Abstract

Lumbriculid oligochaetes are an important member of the conveyor belt deposit‐feeding species responsible for advective reworking of profundal sediments in the Great Lakes. These threadlike worms ingest sediments over a range of depths (0–5 cm) and deposit gut contents at the sediment surface. This action results in a depth‐dependent particle advection rate which can be related to the distribution of their feeding. In this study, two replicate microcosms of rectangular cross section (3×5 cm) containing evenly spaced (1 cm) thin layers (0.5 mm) of sediment labeled with gamma‐emitting 137Cs were inoculated with the lumbriculid Stylodrilus heringianus at a density of ∼7.9×104 m−2 (10°C). The subsequent amount of tracer lost from each layer as well as the downward movement of the layers were determined by peiodically scanning the length of the cells with a well‐collimated gamma detector system. During the course of the 600‐hour experiment, 137Cs activities decreased only in layers between 0 and 6 cm depth. These decreases were accompanied by the appearance of a new layer at the sediment surface. Between 80 and 90% of the activity lost from the underlying layers appeared in the emergent surface peak, thus indicating that subsurface defecation was minor aspect of conveyor belt transport. Decreases in 137Cs activity within layers were consistent with first‐order kinetics with a maximum loss rate of about 0.08% hour−1. The vertical distribution of the rate constant was very nearly Gaussian with the maximum at 3.3 cm and a spread (SD) of 1.4 cm. The rate of layer burial decreased monotonically but nonlinearly with sediment depth from an extrapolated surface value of about 1.8×10−2 mm h−1. A model based on conservation of mass was developed which relates the tracer feeding distribution to the velocity distribution assuming that the distribution of mass removed through feeding was proportional to the amount of tracer removed.
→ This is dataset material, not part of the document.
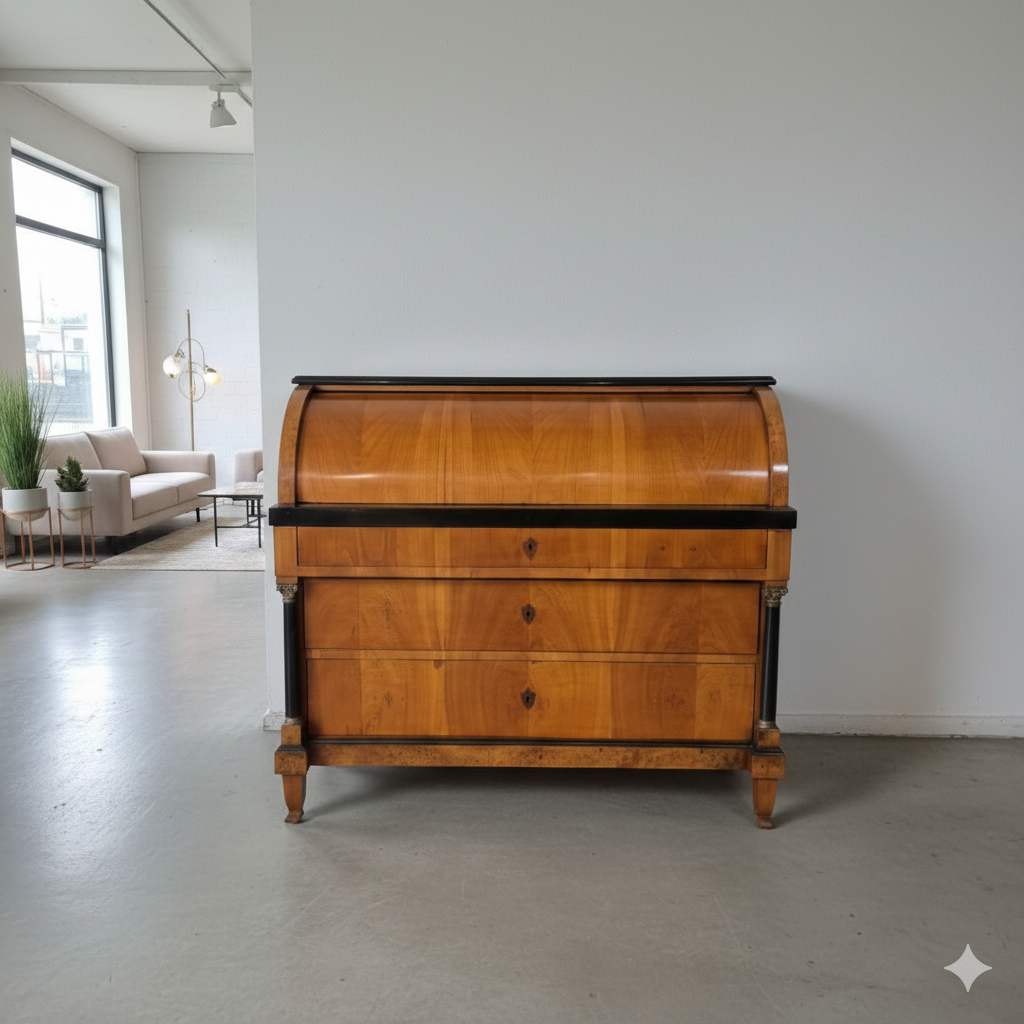 Restaurierter Biedermeier Sekretär in Kirschbaum furniert und von Grund auf Schellack poliert von ca. 1820. Der Schreibtisch befindet sich in einem sehr guten Zustand und weist nur minimale Gebrauchsspuren auf.    7 Schubladen 1 kleines offenes Schrankfach Kirschbaum Furnier Schellack Biedermeier ca. 1820   Maße:   Breite 1,20 m Höhe 1,08 m Tiefe 0,60 m

The model takes rigorous account of depth‐dependent porosity and provides an excellent description of the velocity distributions if the transfer of 137Cs is taken to be 1.67 times the mass transfer rate. This factor, termed the feeding selectivity factor, is attributed to the selection of fine particles by worms and is important in models describing trace and contaminant diagenesis in sediments reworked by conveyor belt species.